|Genome Sequencing Technologies and Resources
DOE Human Genome Program Contractor-Grantee Workshop
|18. PCR Using Branched Modular
Maura M. Devine, Mugasimangalam C. Raja,
and Levy E. Ulanovsky
Here we present a novel PCR technique termed "branched primer PCR" which eliminates the need for custom primer synthesis by combining oligonucleotide modules selected from a pre-synthesized library. A branched primer involves two oligonucleotide modules that are physically linked by annealing to each other as well as to the target, forming a three-way junction. Branched primers were developed (initially for DNA sequencing rather than for PCR) as a type of modular primer whose modules anneal cooperatively to the template. This cooperativity is provided by mutually complementary segments in the two modules that bind to each other forming what is termed a "stem" region. Before actual PCR can take place, a branched primer is extended along the template.
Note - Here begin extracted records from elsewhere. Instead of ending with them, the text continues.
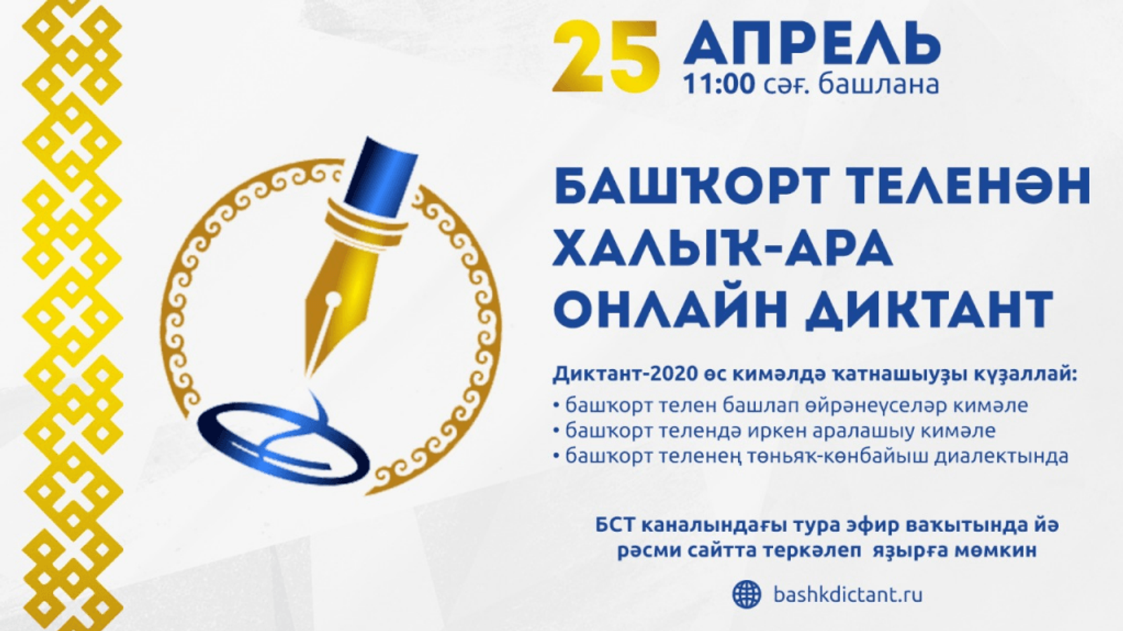 Так, 25 апреля в 11:00 часов (по уфимскому времени) на телеканале «Башкирское спутниковое телевидение», в социальных сетях «ВКонтакте», «Instagram», видеохостинге «YouTube» начнется прямая трансляция чтения диктатором текста диктанта:
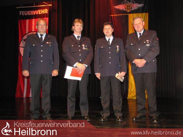 Zusammen mit Kommandant Schuster konnte er die beiden Feuerwehrkameraden Bernd Ehrhardt, stv. Kommandant der Oedheimer Wehr seit 2000 und von 1989 2000 Kassier der Wehr, sowie Günter Traub, ein Mann, der immer da ist, wenn man ihn braucht für 25 Jahre aktive Dienstzeit mit dem Feuerwehr-Ehrenzeichen in Silber auszeichnen. Beide waren 1985 in die Wehr eingetreten. Rolf Weiss konnte für 50 Jahre Mitgliedschaft und Dieter Müller für 40 Jahre Mitgliedschaft in der Wehr ausgezeichnet werden. Beide führen seit einigen Jahren die Altersabteilung und sind unverzichtbar für die Kameradschaft bei unseren Senioren. Für stolze 60 Jahre Mitgliedschaft konnte Willi Vogt und für 50 Jahre Heinz Keicher ebenfalls mit einer Urkunde und einem Präsent ausgezeichnet werden.
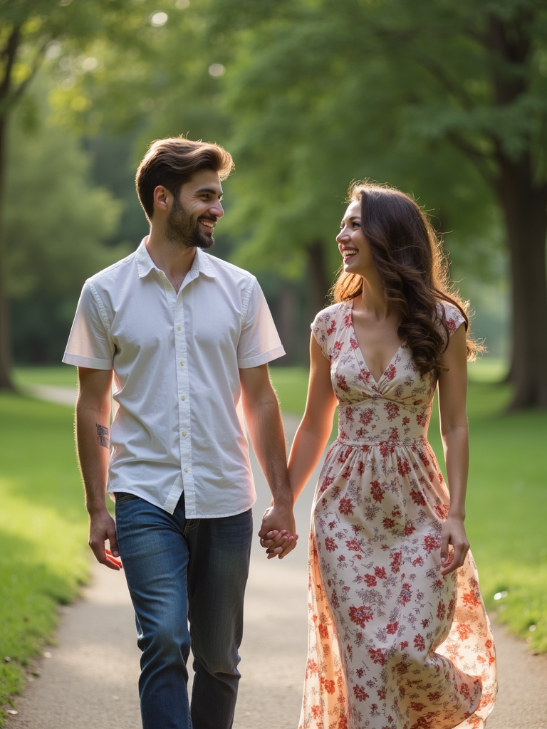 Candid engagement moment in a scenic park. Wearing a floral dress, soft curls in hair . Laughing, walking hand in hand, surrounded by greenery.
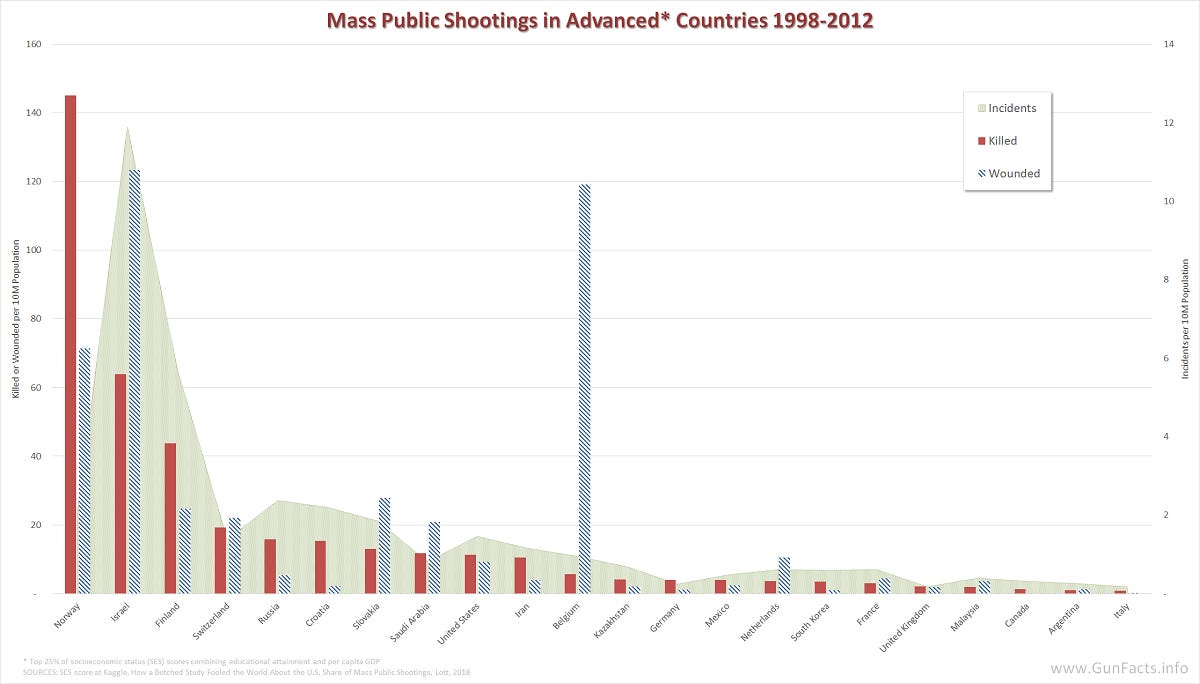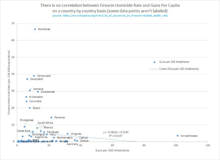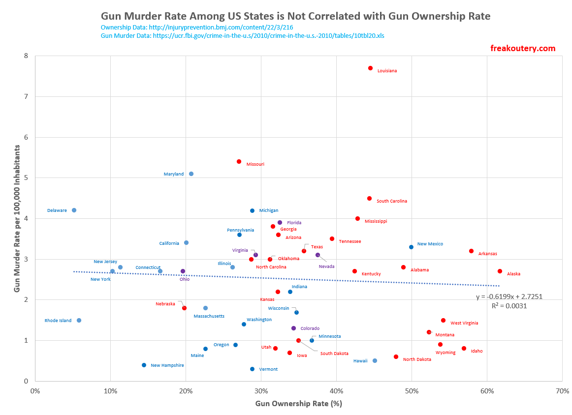 Here is an article illustrating the issue for US states. Here’s another covering regional and global breakdowns. Here’s another covering OECD standard developed countries and global stats. Here is a before-and-after analysis regarding various gun bans. Feel free to check the numbers as they are publicly available.

This extension strand is then used as the template for a reverse branched primer extension. The reverse extension product is then amplified using PCR primers homologous to the stems of each branched primer. These PCR primers are universal in that the stem sequence is the same in different branched primers. In contrast, the sequences of the stretches which are complementary to the template are variable throughout the presynthesized library of the oligonucleotide modules (each in a separate tube). Additional sequence-specificity of PCR is provided by nesting. Branched primer PCR is expected to be useful for applications such as resequencing closely related genomes (e.g. rodents and primates) which require a huge number of custom PCR primers. The latter would then be conveniently replaced with a much smaller library of presynthesized oligonucleotide modules for branched primers (2,000 to 4,000 modules instead of millions of custom PCR primers).